Migranti, vite nel limbo. Il futuro di Mamadou resta senza certezze

Stefano Pasta venerdì 23 agosto 2019

Mamadou, 28 anni, si è laureato in Sociologia in Guinea, dove era giornalista alla redazione politica della radio Planète FM, all’opposizione del presidente Condé. Per questo ha avuto problemi con il governo, è dovuto scappare e attraversare il Mediterraneo.

Accolto ad Agrate Brianza dal 2016, in un centro della Croce Rossa, si è subito rimesso a studiare (l’italiano, poi la licenza media). Si è offerto come volontario proprio alla Croce Rossa: «Con la stessa organizzazione – dice – in Guinea assistevo alle partite di calcio, pronti a intervenire se qualcuno non fosse stato bene». Intanto si trasferisce in un centro a Giussano, altro comune della Brianza («Qui invece vado a trovare gli anziani in un istituto come volontario») e continua la formazione: la Fondazione Verga, nata nel 1978 per aiutare i meridionali emigrati a Milano, decide di puntare su di lui, pagandogli un corso come mediatore interculturale presso l’ente formativo Boston Group. Ci avevano visto giusto: la stessa Boston Group gli ha offerto un’ulteriore borsa di studio triennale per l’Alta Scuola di Counseling ed Educazione Interculturale per Adulti.
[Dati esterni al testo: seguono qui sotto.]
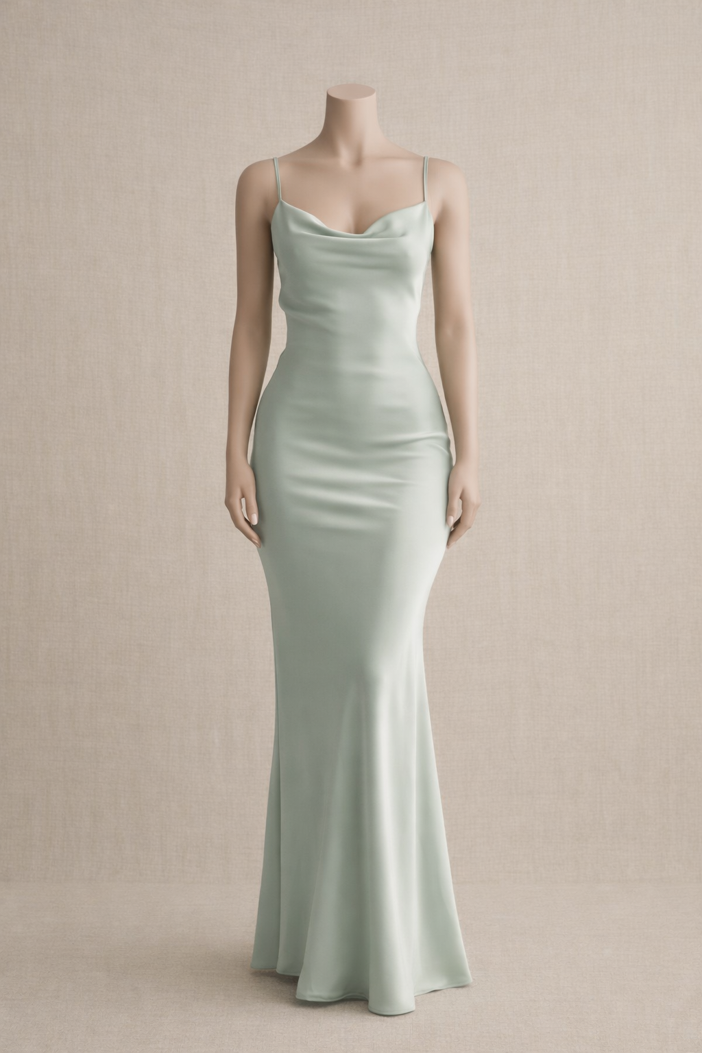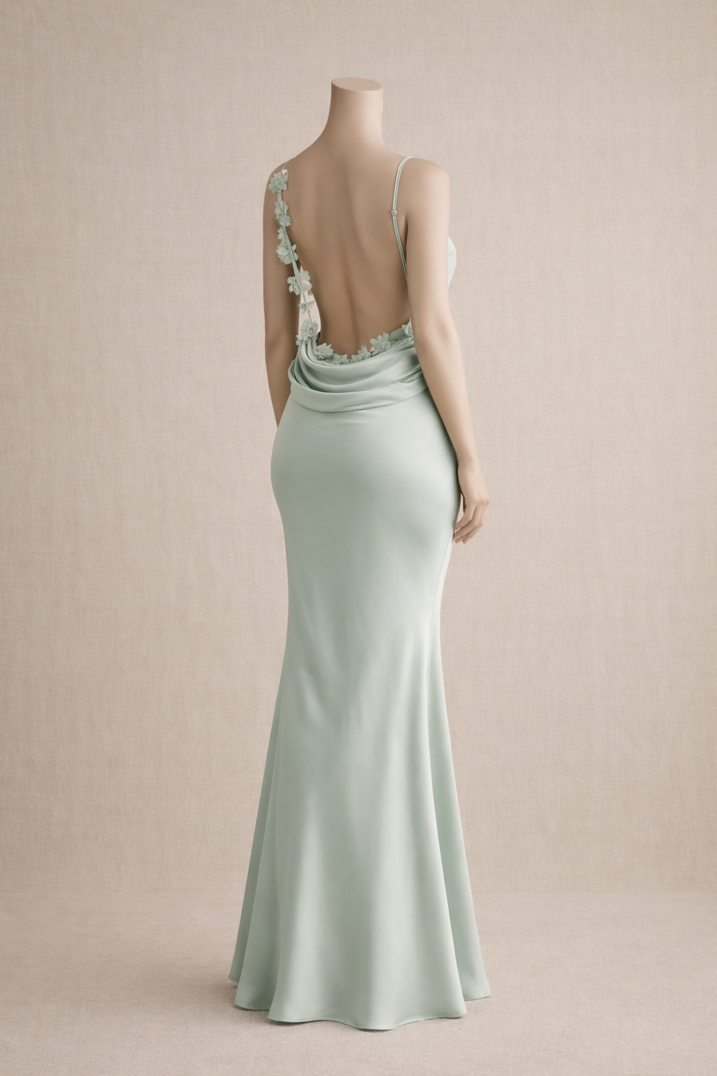 Son décolleté en V et ses fines bretelles subliment le buste, tandis que le dos nu apporte une touche sensuelle maîtrisée. La coupe slim et la longueur cheville allongent naturellement la silhouette.

Non è detto riuscirà a terminarla: la sua situazione legale è appesa a un filo, la domanda di asilo è stata rifiutata e attende solo il verdetto della Cassazione. Se fosse negativo, finirebbe per poter lavorare solo in nero. Da un anno ha già più di un impiego: «Come operaio in una ditta che vernicia motorini – racconta – e poi, a chiamata, faccio il mediatore in ospedali, scuole o alla questura». Nel frattempo ha fatto domanda alla Bicocca di Milano per riprendere gli studi universitari: avrebbe i requisiti, ma ne manca uno legato ai documenti. Quindi niente da fare. «Il caso di Mamadou – commenta Tania De Franchi – è emblematico di tanti ragazzi che sperimentano l’integrazione, ma a cui si risponde buttando via tutto». La normativa voluta dai 5 Stelle e dalla Lega ha cancellato il permesso umanitario: «Dal Decreto Sicurezza in poi – dice De Franchi – non si tiene più conto del percorso sociale del profugo. Per questo alcuni migranti rinunciano a investire nell’imparare la lingua e nella formazione, visto che poi viene tutto annullato». La legge ha tagliato i fondi per l’insegnamento della lingua: diversi operatori italiani stanno perdendo lavoro (50mila a rischio in Italia secondo la Cgil): «Su 7 dipendenti di Fondazione Verga coinvolti in questi corsi, uno non è stato rinnovato e in 6 abbiamo adesso un orario ridotto», conclude.